↓
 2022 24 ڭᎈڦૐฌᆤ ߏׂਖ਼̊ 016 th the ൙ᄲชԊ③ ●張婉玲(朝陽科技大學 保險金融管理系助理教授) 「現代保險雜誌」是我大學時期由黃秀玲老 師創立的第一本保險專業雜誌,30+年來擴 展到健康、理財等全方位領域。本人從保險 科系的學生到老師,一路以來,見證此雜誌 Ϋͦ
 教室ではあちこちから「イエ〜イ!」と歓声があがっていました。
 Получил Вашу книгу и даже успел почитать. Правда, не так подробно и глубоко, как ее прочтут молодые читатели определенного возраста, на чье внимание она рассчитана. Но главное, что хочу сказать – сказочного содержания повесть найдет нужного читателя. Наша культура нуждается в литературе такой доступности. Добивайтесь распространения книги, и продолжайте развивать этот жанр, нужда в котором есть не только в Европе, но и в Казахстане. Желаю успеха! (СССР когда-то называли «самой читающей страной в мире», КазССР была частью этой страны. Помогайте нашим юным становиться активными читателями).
↑
↓
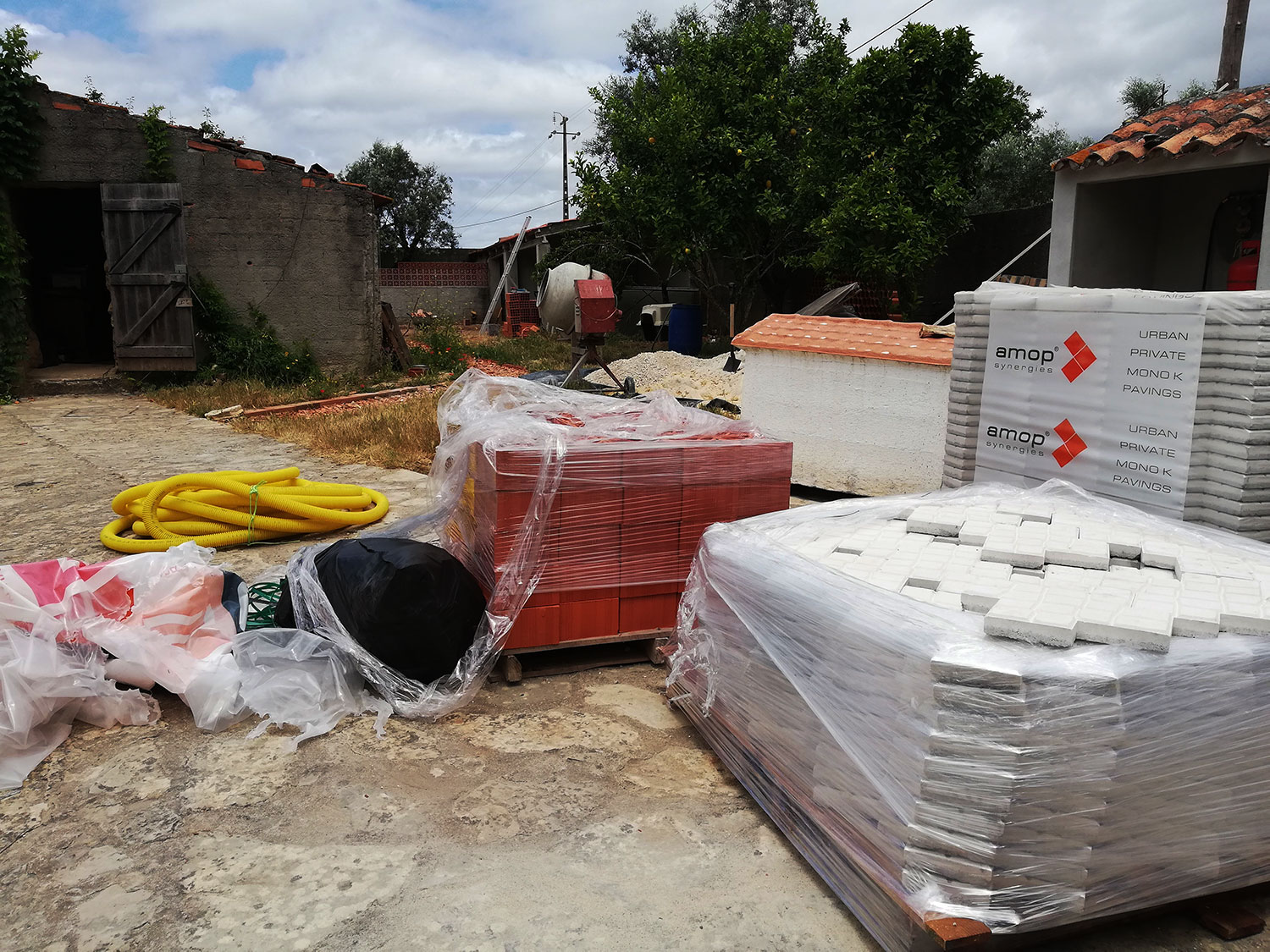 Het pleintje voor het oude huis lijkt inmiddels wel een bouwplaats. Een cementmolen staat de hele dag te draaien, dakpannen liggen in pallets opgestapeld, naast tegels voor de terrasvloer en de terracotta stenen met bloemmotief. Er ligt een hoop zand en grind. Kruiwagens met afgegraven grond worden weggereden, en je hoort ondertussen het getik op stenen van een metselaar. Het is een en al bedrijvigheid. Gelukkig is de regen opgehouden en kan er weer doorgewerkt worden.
↑
↓
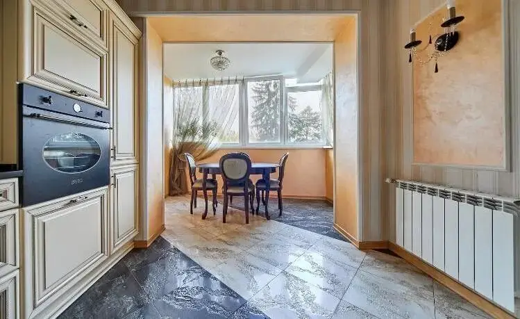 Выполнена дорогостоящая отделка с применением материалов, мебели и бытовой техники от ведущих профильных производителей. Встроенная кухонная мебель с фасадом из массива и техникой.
↑
◆ Activity: Print exactly the lines above, between the one holding "2022 24 ڭᎈڦૐฌᆤ" and the one holding "教室ではあちこちから「イエ〜イ!」と歓声があがっていました。", inclusive, and nothing besides.

◆ Written response:
 2022 24 ڭᎈڦૐฌᆤ ߏׂਖ਼̊ 016 th the ൙ᄲชԊ③ ●張婉玲(朝陽科技大學 保險金融管理系助理教授) 「現代保險雜誌」是我大學時期由黃秀玲老 師創立的第一本保險專業雜誌,30+年來擴 展到健康、理財等全方位領域。本人從保險 科系的學生到老師,一路以來,見證此雜誌 Ϋͦ
 教室ではあちこちから「イエ〜イ!」と歓声があがっていました。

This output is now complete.